Pulitzer Prize winner and two-time Poet Laureate, William Carlos Williams earned his medical degree at the University of Pennsylvania. Read more here.
Wganer-Martin, Linda. Williams, William Carlos: (17 September 1883-04 March 1963). American National Biography. February 2000. 9 November 2018.
William Carlos Williams was born to immigrant parents in Rutherford, New Jersey, on September 17, 1883. His father, William George, was British and had lived most of his life in the Virgin Islands, and his mother, Raquel, was Puerto Rican. William Carlos grew up with his parents, brother, his paternal grandmother, and his uncles. This upbringing greatly influenced his writing style later in life, which was made apparent when Williams wrote, "Of mixed ancestry, I felt from earliest childhood that America was the only home I could ever possibly call my own. I felt it was expressly founded for me, personally."
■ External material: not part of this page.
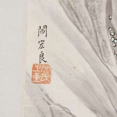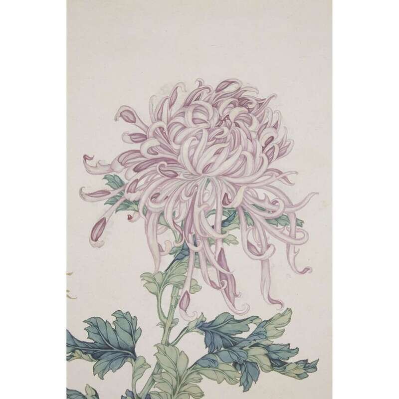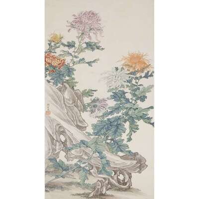 CHRYSANTHEMUMS Ink and color on paper, inscribed and with seal to center left, mounted as a hanging scroll.

In his teenage years, Williams ventured to Europe with his mother and brother for two years, studying in Switzerland and France. They attended the Château de Lancy near Geneva and the Lycée Condorcet in Paris. Following Williams's return to the United States in 1899, his father insisted that he attend Horace Mann High School. While at Horace Mann, William developed his passion for poetry.
At the age of 19, Williams entered the University of Pennsylvania's School of Medicine in Philadelphia. His choice to attend medical school was largely attributed to his middle namesake, his mother's older brother Carlos. Carlos helped raise Raquel and was a physician.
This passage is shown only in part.